Tip: The VA is available to help you from the start. Check in with your Regional Loan Center for guidance.
You’ll want to find a real estate agent who is familiar with VA home loans, which are offered by private lenders but partially guaranteed by the Department of Veterans Affairs, and a lender that participates in the program. Luckily for you, most lenders do, and many veterans groups provide lists of VA-friendly real estate professionals. In each case, talk to more than one. With lenders, be sure to compare interest rates, discount points, closing costs and credit requirements.

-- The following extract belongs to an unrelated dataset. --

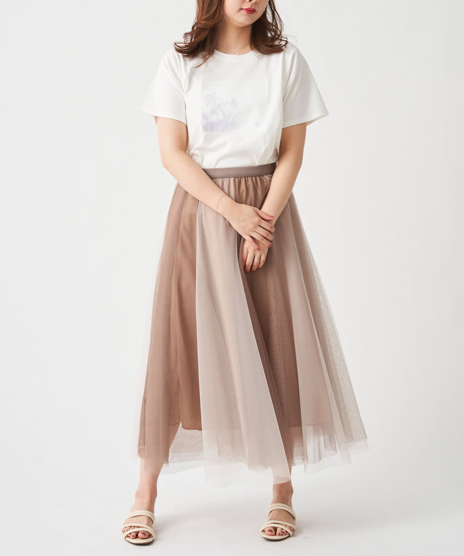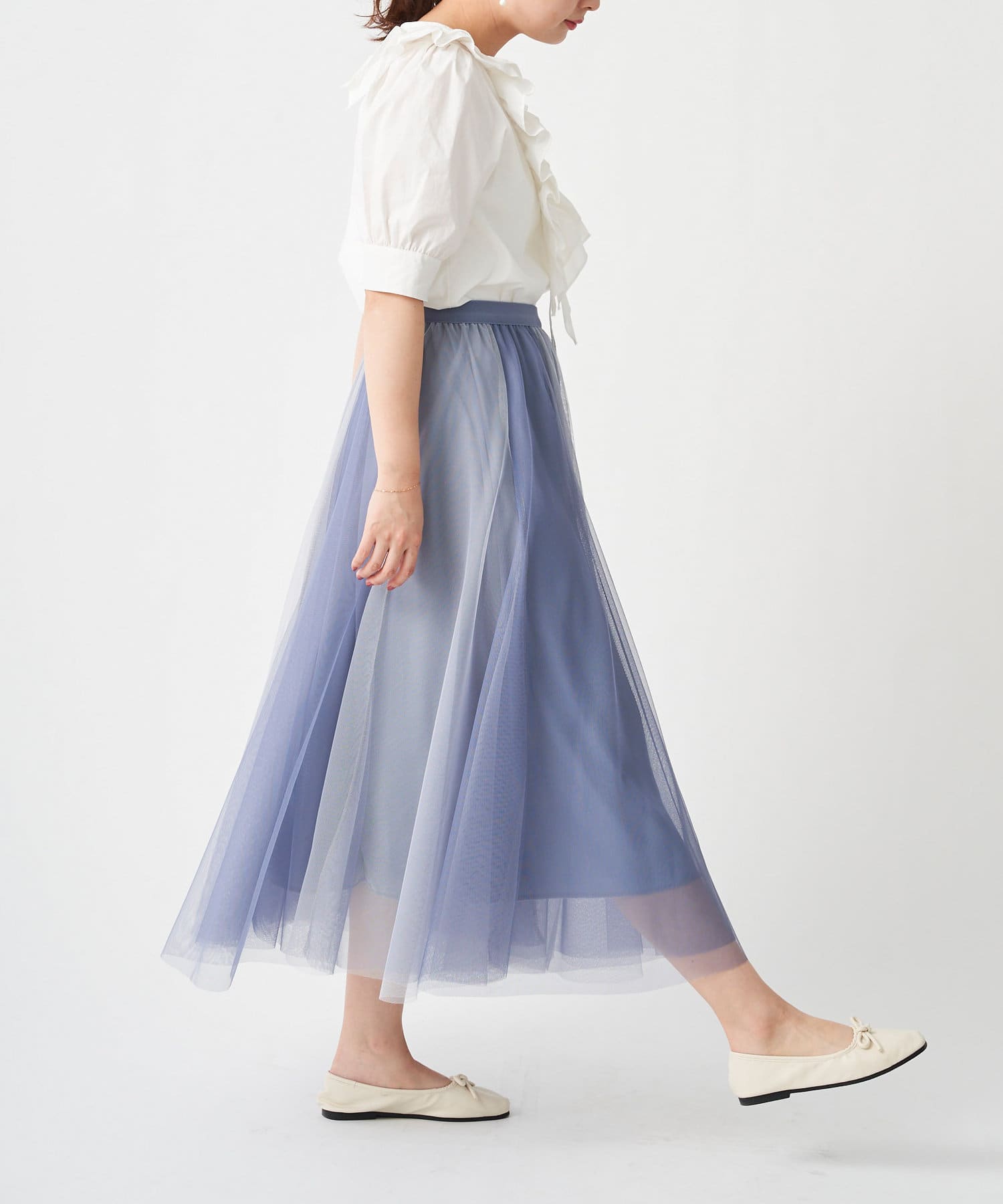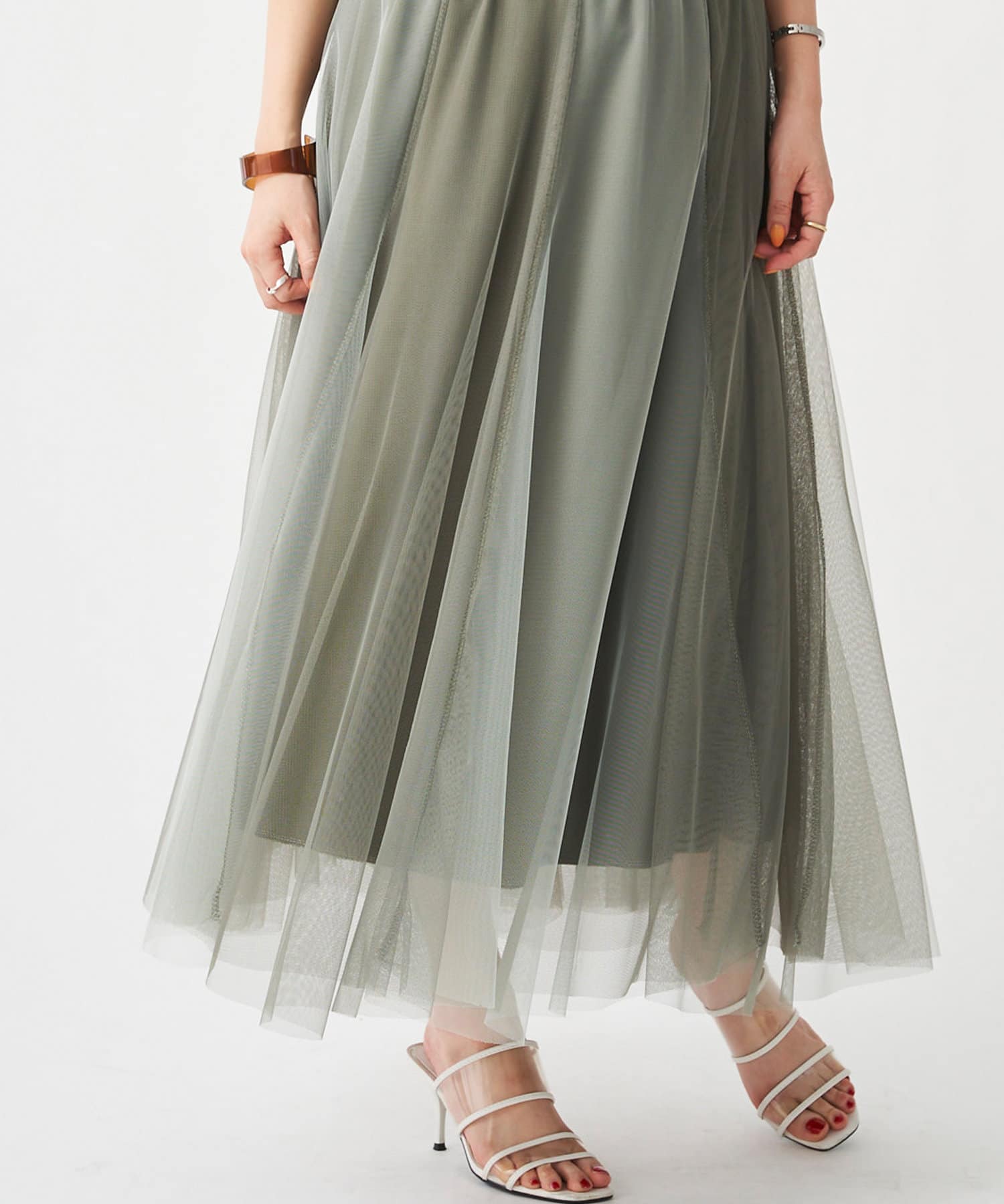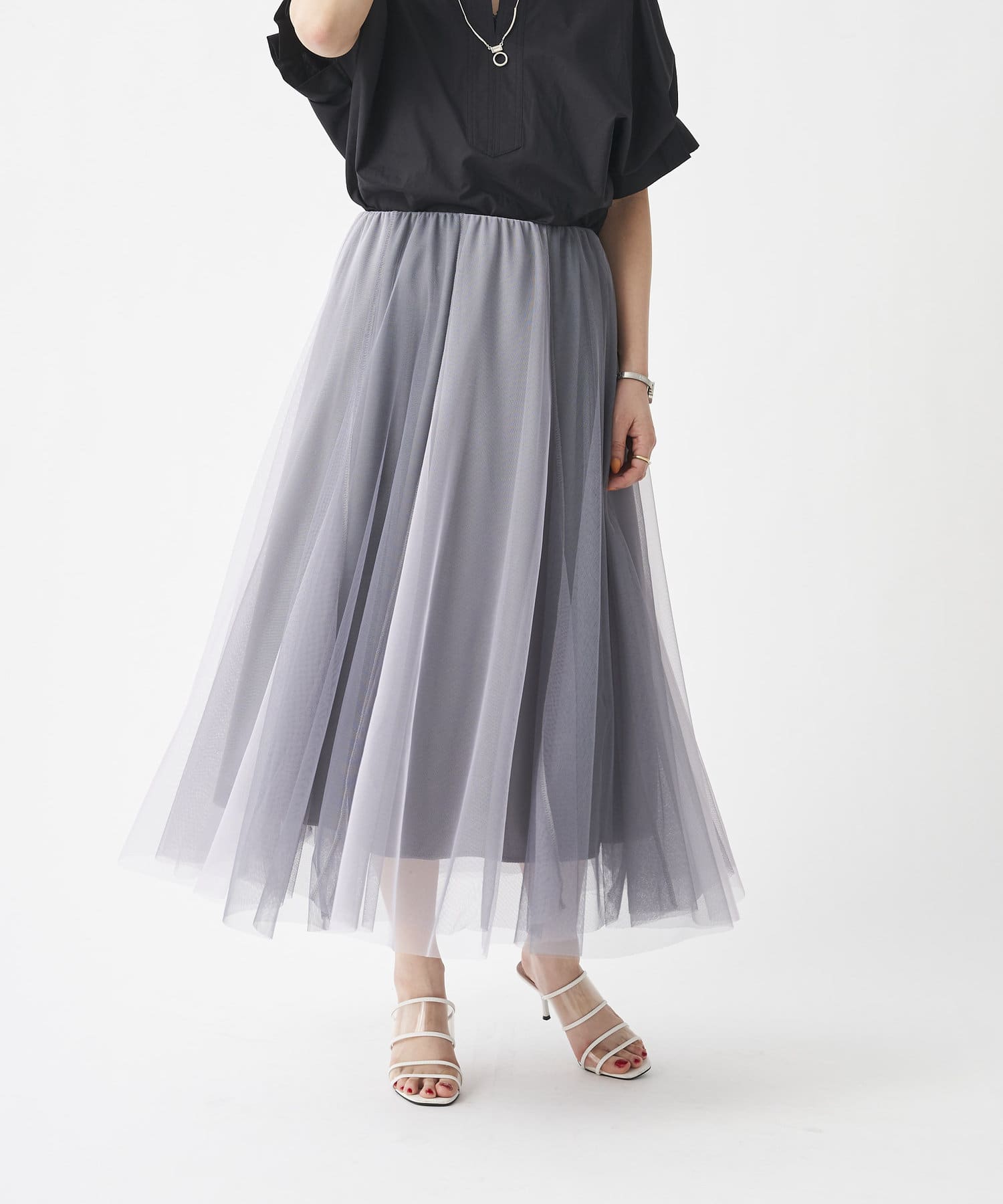 ・程よいボリューム感のあるチュールスカートで華やかな印象で履いて頂けます。

Unlike an official pre-approval, this is an informal estimate from the bank about how much you can afford to spend on a home, and will generally tell you how much the bank is willing to lend you. Because it’s not an official pre-approval, a pre-qualification is usually free and non-binding. Keep in mind that you may pre-qualify for more than you have budgeted. Be sure to know what you can afford and stick to that number.
You will likely work with your real estate professional and lender for this part, but you want to make sure that the agreement contains a VA option clause. During this stage, you’ll probably want to start gathering your pay stubs and bank statements and other documents for your mortgage. These documents will also come in handy when you are ready to apply for the VA home loan.
Work with your lender to complete the loan application. You’ll need your purchase agreement and a variety of other documentation, such as paystubs, tax forms, and bank statements, plus forms from the VA.
Loan processing can take a few weeks or more, and will include a mandatory appraisal for the VA. Usually, your lender will arrange this and the VA will sign off on it. This appraisal, which may be more stringent than a conventional appraisal, looks at the condition of the home and its value and is meant to protect both you and the lender. It generally costs a fee and typically takes at least 10 days.
Tip: Now may be a good time to order an inspection of the home, to make sure there are no hidden problems with the property.
The lender will generally choose a title company and attorney to conduct the closing. A representative of your lender will likely coordinate the date and time that the property is transferred to you.